In Convesration - Andrew Skeet gives us the lowdown on working with Anthony Phillips on the Seventh Heaven album and other projects.
TWR: According to the biographical notes in the booklet to the album, you have certainly been involved with a great many interesting projects and artists. Tell us a little about a few of them and how did you first become interested in music and who are your musical influences?
AS: Well, I started in professional music as a boy singer through my school - we were booked to do all sorts of projects from the relatively high brow at Glyndebourne Opera House to TV commercials for breakfast cereals! At that stage I probably mainly liked Classical music but I was so busy actually playing and singing that I don’t remember obsessing about any music at all until I got my first guitar aged 14. Then it was all about discovering the older bands form the 1960’s and ‘70’s. When I left music college in the 1990’s I put this ll together by working with bands of the time on their brass and string arrangements - Sued, George Michael, The Boo Radleys and other small Indie bands. From that point on it has been, as you say, very eclectic, and expanded to include my own compositional scores for television and orchestrating many film scores for other composers and working with directors like Ridley Scott and Danny Boyle in the process.
TWR: How did you become involved with Anthony, and how does working with him compare to some of the other people you have worked with?
AS: I was booked as an orchestrator to work with Ant on a double album of library music for Atmosphere in 2007 I think it was/ We immediately hit it off from the first ‘phone call and after that project we looked for other opportunities to work together. On a personal level it was and continues to be one of the greatest pleasures of my career working with Ant for reasons both musical and because of his generous spirit and unique sense of humour.
TWR: How did the collaborative process work between the pair of you? Was it a case of working on an idea one of you had or putting the ideas together, together as it were…?
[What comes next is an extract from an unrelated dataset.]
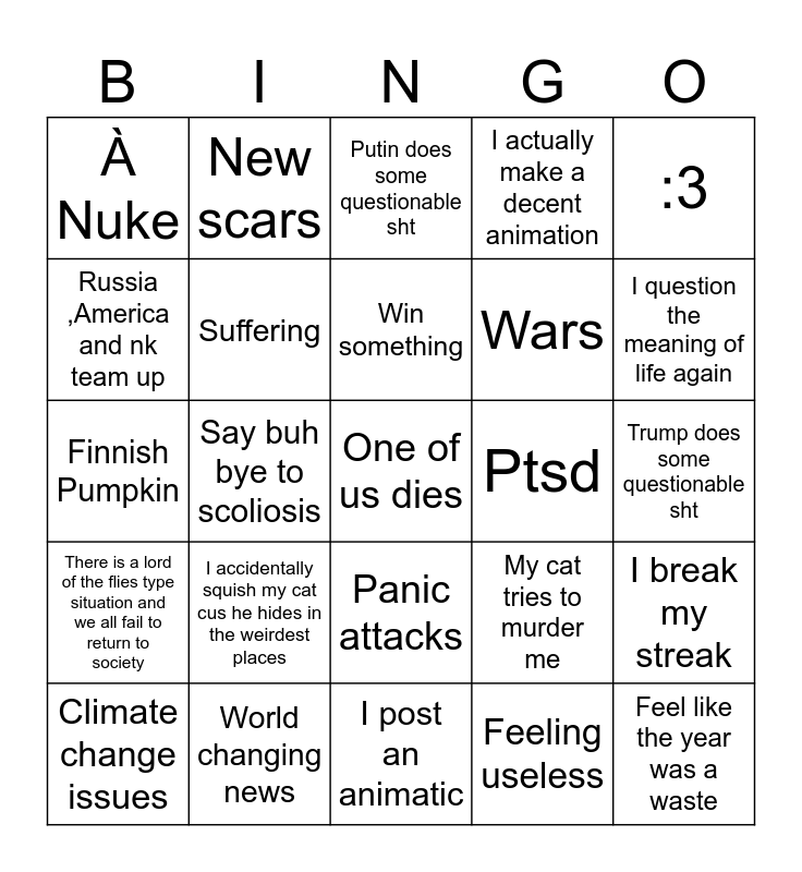 This bingo card has a free space and 24 words: I accidentally squish my cat cus he hides in the weirdest places, World changing news, Win something, Climate change issues, :3, À Nuke, Russia ,America and nk team up, New scars, Ptsd, Panic attacks, Wars, Finnish Pumpkin, My cat tries to murder me, I break my streak, Suffering, Feeling useless, Trump does some questionable sht, Putin does some questionable sht, I question the meaning of life again, Say buh bye to scoliosis, Feel like the year was a waste, There is a lord of the flies type situation and we all fail to return to society, I actually make a decent animation and I post an animatic.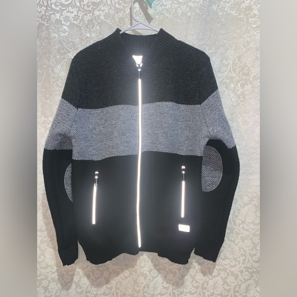 Men grey and black long sleeve sweater zipper front pockets have zipper also reflective zipper

AS: Usually the ideas begin with Ant but they can be anything from just a seven note repeating pattern he has found that he likes, to a fully worked out piano composition that just needs orchestrating out and everything in between. Sometimes he has written effectively a “verse” and I might write a “chorus” and then later I sometimes cannot remember exactly who wrote what which I think is a good sign.
TWR: I know that many of these pieces were designed as library music, how does that process of working to film actually work? Is it easier or harder than working purely on compositions of your own?
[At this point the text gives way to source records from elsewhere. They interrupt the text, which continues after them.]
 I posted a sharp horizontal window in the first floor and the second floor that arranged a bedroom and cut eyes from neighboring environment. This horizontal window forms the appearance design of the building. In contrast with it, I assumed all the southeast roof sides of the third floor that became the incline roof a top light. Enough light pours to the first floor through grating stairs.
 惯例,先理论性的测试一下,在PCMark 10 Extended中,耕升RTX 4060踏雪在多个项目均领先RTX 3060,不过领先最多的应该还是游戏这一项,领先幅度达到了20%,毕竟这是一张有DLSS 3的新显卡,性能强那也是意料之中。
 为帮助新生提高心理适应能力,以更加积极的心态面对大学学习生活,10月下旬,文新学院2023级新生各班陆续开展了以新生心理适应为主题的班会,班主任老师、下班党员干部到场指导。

AS: Well, Library music is tricky because it is for synchronising to picture as you say, but with no idea what that might be - unlike a score that is commissioned. So you have to tread a fine line and it is harder in a way than just doing your own piece but also perhaps you don’t agonise over it quite as much either.
TWR: Where did the ideas for some of these pieces come from? It is obvious that you both had specific ideas in mind for some of them, and one in particular: Old Sarum Suite, tell me a bit about the story behind that one…
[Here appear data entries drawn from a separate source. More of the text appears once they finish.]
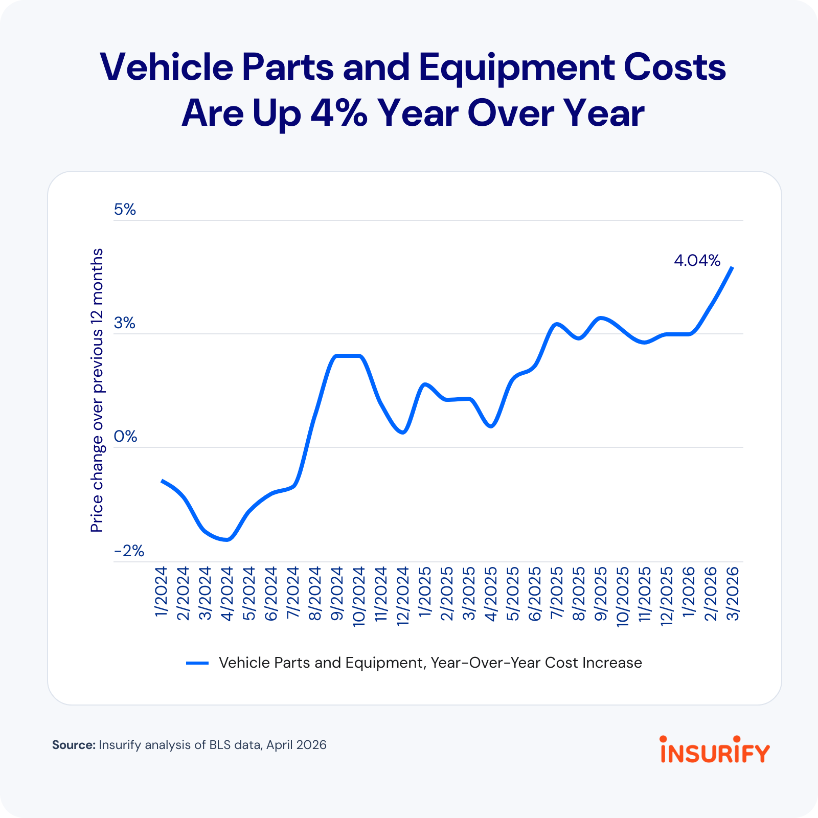 Inflation and higher prices for car parts could put upward pressure on insurance rates if sustained. The average cost of auto parts is up 4% since last April, the highest year-over-year figure since April 2023.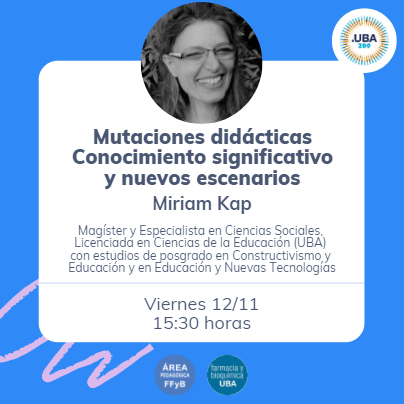 En el marco del evento titulado «Enseñanza universitaria, pandemia y después…» la licenciada en Ciencias de la Educación, Miriam Kap, estará ampliando sobre estas nuevas transformaciones en la educación superior a través del impacto de la tecnología, con una charla titulada «Mutaciones didácticas. Conocimiento significativo y nuevos escenarios». El evento se realizará vía zoom el viernes 12 de noviembre a las 15:30 horas.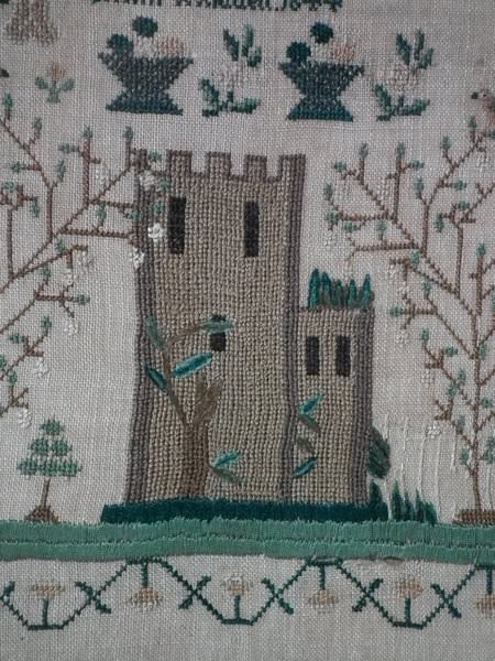 Minor stitch losses to the castle fence.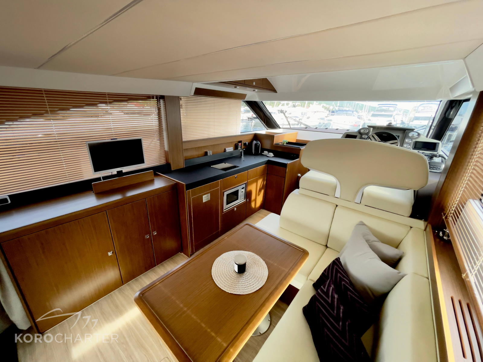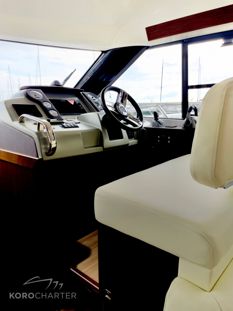 Das Erfolgsgeheimnis der VIRTESS 420 FLY IPS ist die Summe vieler cleverer Details, die zusammen ein Maximum an Komfort und Funktionalität ergeben. Vom ergonomischen Fahrstand hat man den perfekten Überblick über die gesamte Yacht, und scheint die Sonne, öffnet man das elektrische Coupé-Dach für das absolute Fahrvergnügen.

AS: Actually, you would have to ask Ant about that - I did orchestrate but I can’t remember anything about the idea behind it (which was Ant’s). I know it’s awful but I have written or orchestrated several thousand pieces of music and I move on so quickly to new things each time that I forget what was behind some of them.
TWR: Did the orchestrations come first, during or after the piece was composed?
AS: Orchestration after in the case of the Old Sarum Suite if that’ what you mean. The early 2007 material I worked on with Ant was actually pretty complete in terms of compositions and the further we went on working together the more material I started to write or add.
TWR: Whose idea was it to use the City Of Prague Orchestra and Choir and why did you use them instead of an orchestra closer to home?
AS: It was Universal’s decision but I may have suggested it because I have recorded there about fifty times They are good and experienced but it really is a boring question of the ease of buying out the rights of the musicians there and also it is a lot cheaper than recording in London.
TWR: Did being in Prague have any influence on the music? It is a beautiful city after all…
AS: It is very beautiful… I think it did have an influence on the project in a rather intangible way but less because of the beauty per se of Prague, and more because that was just part of the story for the first project I ever worked on with Ant. We had such fun out there, it was inspiring and musically fulfilling and I seemed never to stop smiling, so I think that “vibe” maybe found its way in.
TWR: The album contains a great deal of music, was there anything which either you or Ant would have liked to include on it which there wasn’t time/space to do?
AS: More Ant’s area than mine - he selected the material to go on.
TWR: Are there any further collaborations with Ant in the pipeline and what other projects are you currently working on yourself?
AS: There will be but I am not sure yet what that will be and when. I have just finished writing the score for a three part series on Netflix about a serial killer which has been great actually (also recorded in Prague recently with many of the same musicians). Then In the autumn, I am touring the UK and Europe with the band I play in - The Divine Comedy - we have a new album out called Office Politics.
My thanks to Andrew for giving up so much of his time to answer these questions. I hope you find it interesting.